English LMCs have voted against bringing in patient charges for access to GPs after it was suggested the controversial measure was required to address the ’dire state of general practice’.
Delegates at the English LMCs Conference in London today heard that radical change was needed to support general practice as the current GMS contract ‘was not working’.
However, following a heated debate, the motion was voted down by 83 votes to 131.
A number of GPs voted both for and against the motion in a much closer vote than at previous LMCs conferences, with speakers saying they have come round to the idea of co-pyaments in general practice due to the worsening situation
Kent LMC delegate Dr Zishan Syed – who proposed the motion – said that the approach from the BMA’s GP Committee had ‘not worked’ and a radical new approach was needed.
He said: ‘Co-payment does exist in the UK – it is not a foreign concept.
‘We have co-payments in sensory aid, dental care and prescription medicines. Yet it remains a taboo topic when talking about access to see a GP.
‘We are overwhelmed. Disgusted with the GPC, many GPs have chosen to vote with their feet. they have left to countries with the co-payments model. Such areas include Australia, New Zealand, Holland and France.’
Dr David Wrigley, a GP in Lancashire, said he agreed general practice was in a ‘dire state’ but that charging patients to see a GP was not the solution.
‘We are on our knees but the answer to this problem we face is not a co-payment model where patients are asked to pay for part of their care.
‘The co-payment transaction will be made with us as doctors in ours surgeries and it opens up Pandora’s box.
‘The insurance industry will be watching on today and hoping this motion is passed.
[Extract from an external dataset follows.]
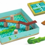 Okos logikai játék, amelyben a játékosok biztonságos átkelőt építenek egy krokodilokkal teli folyón. Minden kihívásnak csak egy helyes megoldása van, 3 nehézségi szinttel, és fejleszti a türelmet, a logikát és a dedukciót. A FSC® tanúsítvánnyal rendelkező fából készült, minőségi kivitel a gyerekeknek és a szülőknek egyaránt örömet szerez.

‘Be in no doubt, co-payments mean insurance-based healthcare.
‘All that flows from that is increased bureaucracy for us as doctors, along with inequitable access to care for those unable to afford the payments – and worse health outcomes for those who don’t have deep pockets.
‘We are a broken system that politicians are to blame for – but don’t make patients pay as a knee-jerk reaction.’
GP Dr Annie Farrell said: ‘We all already pay for our NHS so it is there when we – whoever we are and whatever out circumstances – can access it when we need it.
‘The idea that this would reduce workload on the basis of the use of carrier bags after a charge was introduced is laughable.
‘How is a payment going to address the supply and demand issue unless we are talking about abandoning those who can’t afford to pay?
‘Patients in the US, where all care is paid for, are some of the most demanding in the world. They expect to get something for what they pay for.’
But Dr Syed later added: ‘You talk about wanting to pursue the same tactics year after year. And year after year, surgeries are shutting down.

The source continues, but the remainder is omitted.